Myeloperoxidase (MPO) activity in mouse lung tissue

Mouse lung tissue was collected and rapidly ground at a low temperature, and MPO activity was determined using a colorimetric MPO test kit according to the manufacturer’s instructions (A044-1-1; Nanjing Jiancheng Institute of Biological Engineering Co., Ltd., CN).

ROS fluorescence labelling and TUNEL

Xylene was used to soak the tissue slices at room temperature. The sections were then dehydrated using an ethanol gradient and washed with PBS. Histochemical pens were used to draw circles on the edges of tissues to facilitate further manipulation. After adding PBS to wash the sections, the membrane-breaking working solution was added and incubated for 20 min before adding the proteinase K working solution at room temperature. Buffer was added drop-wise and allowed to equilibrate for 10 min. The recombinant TDTase, dUTP, and buffer were combined in a reaction solution at 1:5:50 L (v/v/v). The resulting mixture was subsequently incubated at a temperature of 37 °C for 2 h. After staining with DAPI for 10 min at room temperature, the sections were sealed.

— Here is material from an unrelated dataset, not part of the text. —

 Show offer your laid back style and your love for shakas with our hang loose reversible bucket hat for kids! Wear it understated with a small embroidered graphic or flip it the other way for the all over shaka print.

Subsequently, the sections were examined under a fluorescence microscope and images were captured using a DAPI UV excitation wavelength of 330–380 nm, CY3 excitation wavelength of 510–561 nm, and red light at 590 nm.

Frozen mouse lung tissue samples were prepared, rehydrated at room temperature, and dried. A bursting agent was applied to the circle created using a histochemical pen, which was then allowed to burst for 5 min and cleaned. ROS staining solution was added drop-wise and incubated at constant temperature (37 °C) in the dark for 30 min. Fluorescence microscopy was used to capture images at specific excitation and emission wavelengths for each fluorophore (DAPI: excitation 330–380 nm, emission 420 nm; FITC: excitation 465–495 nm, emission 515–555 nm; CY3: excitation 510–560 nm, emission 590 nm). Prior to imaging, the nuclei were re-stained with DAPI, shaken to remove excess moisture, and sealed using an antifluorescent bursting agent.

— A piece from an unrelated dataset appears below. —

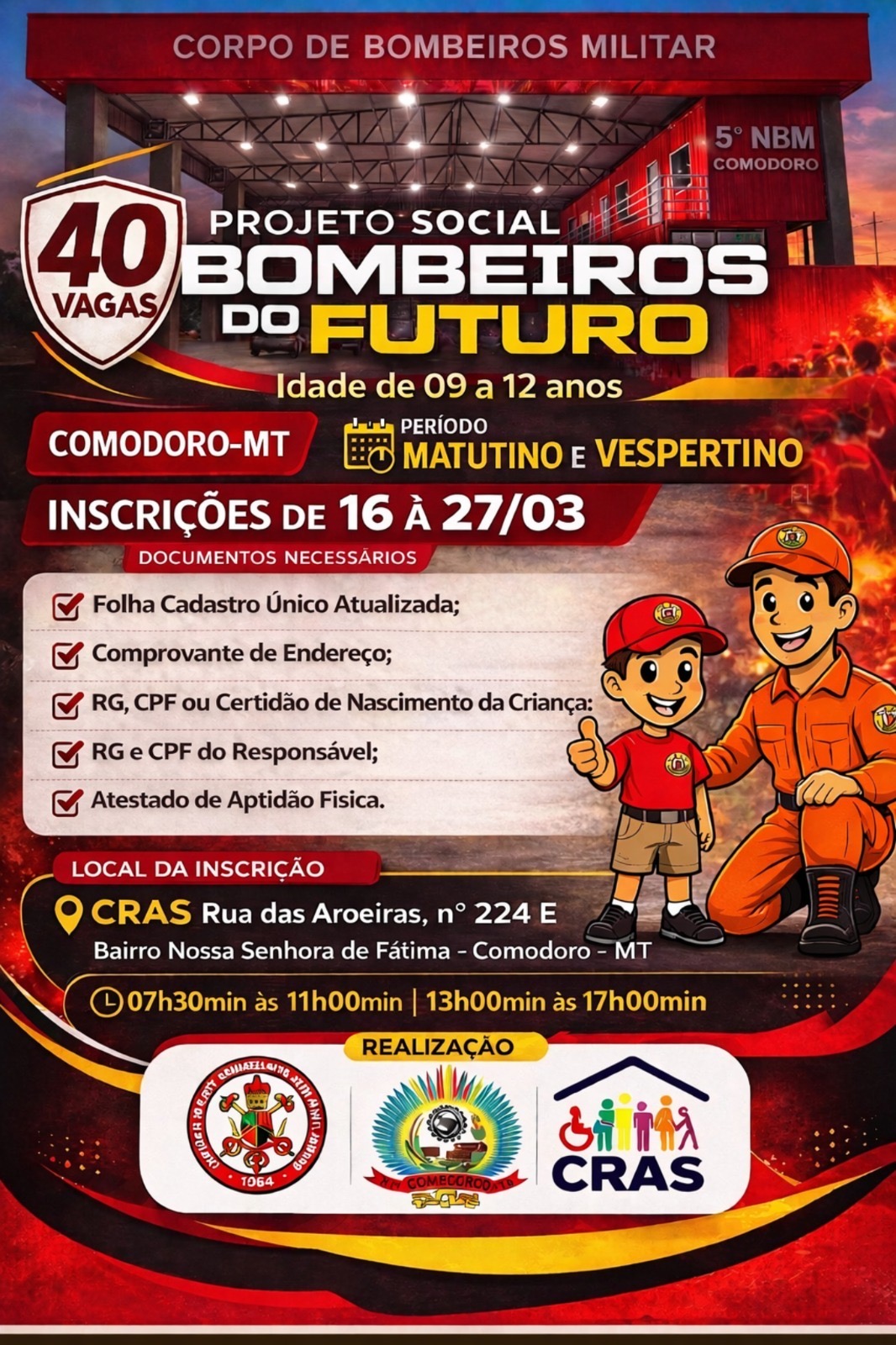 O Corpo de Bombeiros Militar de Mato Grosso, por meio do 5º Núcleo de Bombeiros Militar de Comodoro, abriu inscrições para o Projeto Social Bombeiros do Futuro, iniciativa voltada à formação cidadã de crianças do município. Ao todo, estão sendo disponibilizadas 40 vagas destinadas a crianças entre 9 e 12 anos de idade.

Measurement of tissue iron content and oxidative stress indicators

The remaining frozen lung was used to extract lung tissue. The supernatant of the lung tissue homogenate was obtained after mixing in a high-speed, low-temperature tissue grinder with saline at a specific ratio. SOD (A001-3-2), GSH (A006-2-1), CAT (A007-1-1), and tissue iron levels were assessed according to the kit’s manufacturer’s instructions (Nanjing Jiancheng Institute of Biological Engineering Co., Ltd., CN).

Quantitative real-time PCR (qRT-PCR)

The mRNA expression levels of inflammation- and epithelial-mesenchymal transition (EMT)-associated genes in A549 cells were determined using qRT-PCR, with GAPDH as the reference gene. Total RNA was extracted from cell samples using TRIzol reagent (W9712; TIANGEN, CN), and cDNA was synthesised by reverse transcription using a kit (962103G2626; ABclonal Technology, CN). The qRT-PCR (AL13557A; TaKaRa, JPN) conditions were as follows: denaturation at 95 °C for 3 min, followed by 40 cycles at 95 °C for 5 s and 60 °C for 34 s.

The relative expression levels of TNF-, IL-1β, and IL-6 mRNA in the lung tissues of each group of mice were similarly determined using 20–30 mg of tissue. The primer sequences used are listed in Table 1.

Western blot analysis

Lung tissue was removed on ice. Mouse lung tissues were homogenised and treated for 30 min with RIPA buffer containing a protease inhibitor cocktail. Total protein was extracted using differential centrifugation (13,000 g, 15 min at 4 °C) and quantified using a BCA assay kit (CW0014S, Cowin Biotech Co., Ltd., CN). To denature the protein samples, 5 × SDS-PAGE protein upload buffer was added proportionally to the samples (100 ℃, 5 min). For electrophoresis (SDS-PAGE), identical amounts of total denatured protein (40 µg) were added to each group. After electrophoresis and transfer, the immunoreactive strip was blocked with 5% (w/v) skimmed milk. The strips were incubated with anti-Keap1, anti-Nrf2, anti-HO-1, and anti-GPX4 antibodies (1:1000) overnight at 4 °C, and then incubated with secondary antibodies (HRP conjugated Goat Anti-Mouse IgG, GB23301, Servicebio, CN) at room temperature for 30 min. The signal was detected in the immunoreactive strips using enhanced chemiluminescence with an ECL test kit (ABP Biosciences, USA). ImageJ was used for quantification using grayscale images.

Statistical analysis

Statistical analysis was performed using the SPSS software (version 18.0). Data are presented as mean ± standard deviation. Multiple comparisons were performed using a one-way analysis of variance and Dunnett’s test. Statistical significance was set at P < 0.05.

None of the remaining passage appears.